Understood. I think this is the case for adding a strtos() function like
you have added some others in Parsing.cc or altering the if() condition
to work with xatos().

>> * the debugs you are adding at line 3705 appears to already be present in my
>> copy of trunk with better text.
>> Hmm. I'm wondering if you did get trunk checkout properly now.
>>
> Really? I thought it's the newest. Could you please check it for me? I
> see the Bug# 3729 is fixed in the version so I suppose it to be very
> new.
> $ bzr checkout http://bzr.squid-cache.org/bzr/squid3/trunk trunk

That looks correct. But if you have different code something must be wrong.

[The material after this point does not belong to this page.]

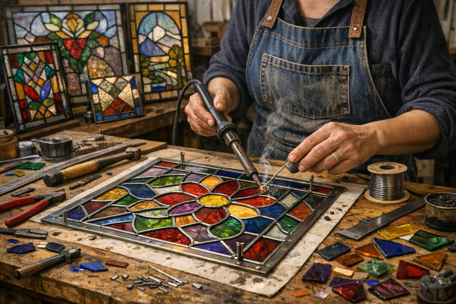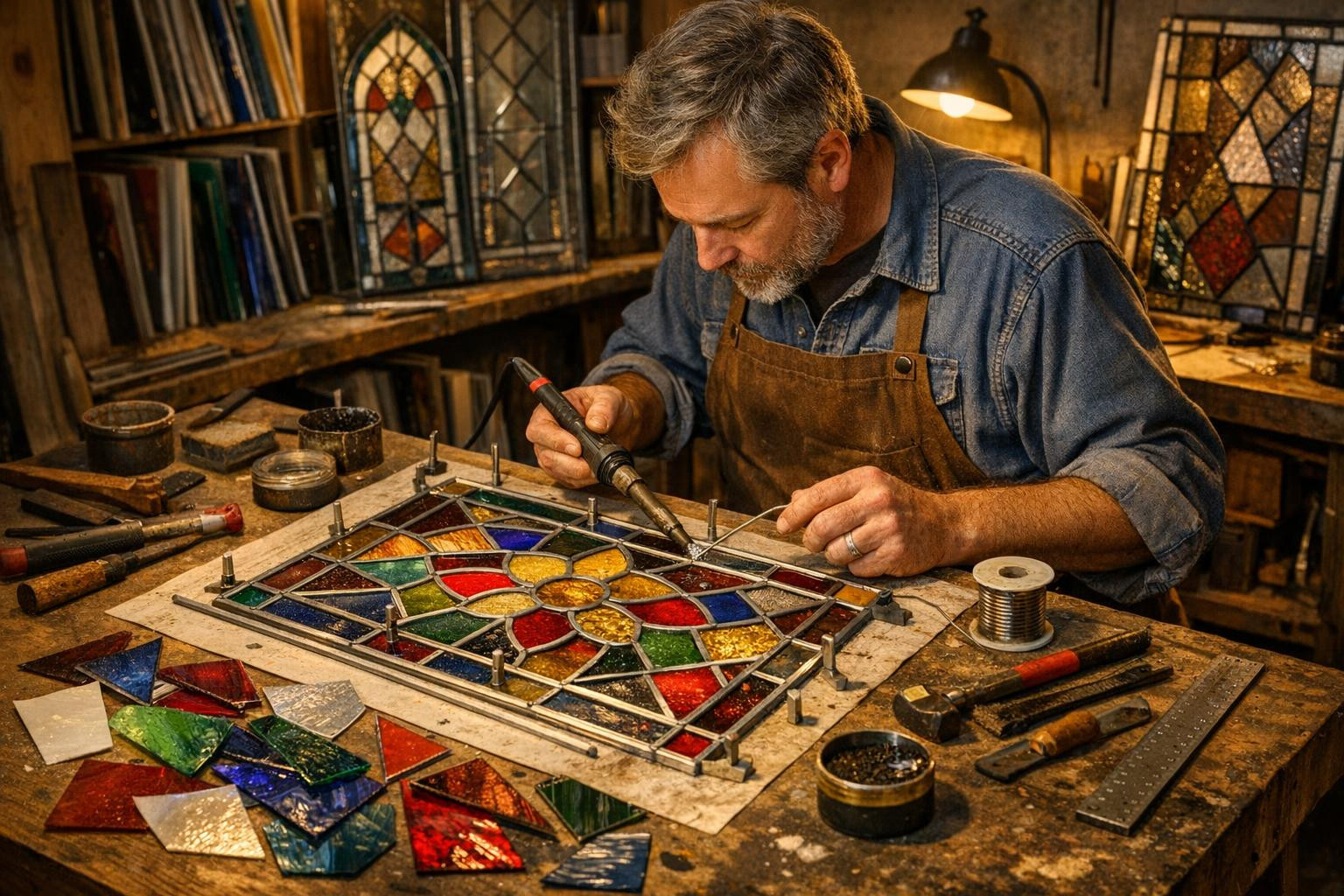 Tellisin vana vitraaži restaureerimise; klaasitööd ja jootmine tehti hoolikalt. Detailid on hästi taastatud ja tükk sobib taas paigaldamiseks.

"bzr update" for me currently shows:
   Tree is up to date at revision 12566 of branch /bzr/squid3/trunk

when I wrote that audit email it was revision 12565. Although I think
that debugs was in there for several hundred revisions already.

>> in src/wccp2.cc:
>> * the second chunk is parsing a port value. It should probably be using
>> xatos() and p defined as a uint16_t.
>>
> because previously, p is defined as a int. I feel this way, the log
> message is better than xatos() which gives a general one.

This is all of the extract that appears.